Additionally, a large
unlabeled corpus for each data set (training, development, test) was provided.
The goal of the task was to use the annotated source data, plus any unlabeled data, to produce a parser that is accurate for each of the test sets from the target domains.3
Participants could submit systems in either the "open" or "closed" class (or both).
The closed class requires a system to use only those resources provided as part of the shared task.
The open class allows a system to use additional resources provided those resources are not drawn from the same domain as the development or test sets.
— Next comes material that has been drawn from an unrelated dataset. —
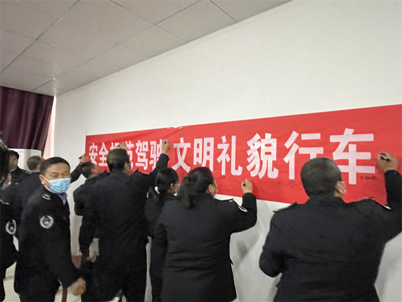 三、營造濃厚活動氛圍。駕駛員代表宣讀倡議書,全體車長聯(lián)合在倡議條幅上簽字。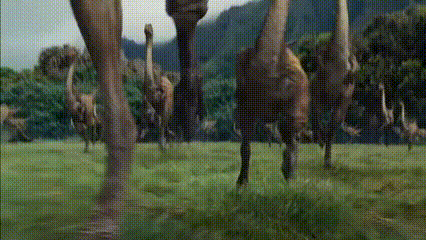 фрагмент из фильма «Парк Юрского периода» (1997). бегущие динозавры

An example might be a part-of-speech tagger trained on the entire Penn Treebank and not just the subset provided as training data, or a parser that has been hand-crafted or trained on a different training set.
3 Treebanks
In this section, we describe the treebanks used in the shared task and give relevant information about the data sets created from them.
3.1 Multilingual Track
Arabic The analytical syntactic annotation of the Prague Arabic Dependency Treebank (PADT) (Hajic et al., 2004) can be considered a pure dependency annotation.
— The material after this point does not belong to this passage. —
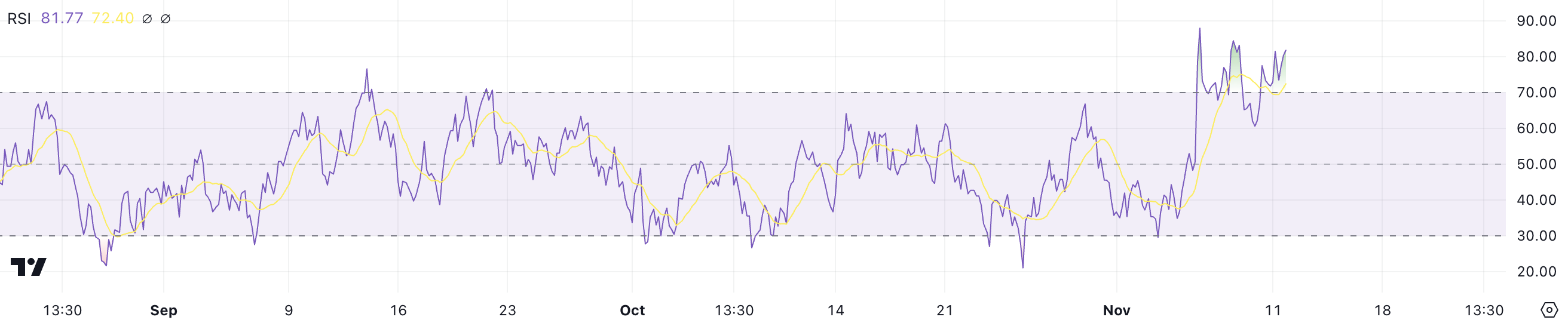 Such a high RSI value suggests that the asset may be overextended. That means that the risk of a price pullback has increased. When an RSI reaches levels above 70, it often indicates that the asset might be overvalued. When that happens, a correction could be on the horizon as traders begin to take profits.

The conversion, done by Otakar Smrz, from the original format to the column-based format described in section 2.1 was therefore relatively straightforward, although not all the information in the original annotation could be transfered to the new format.
PADT was one of the treebanks used in the 2006 shared task but then only contained about 54,000 tokens.
Since then, the size of the treebank has more than doubled, with around 112,000 tokens.
In addition, the morphological annotation has been made more informative.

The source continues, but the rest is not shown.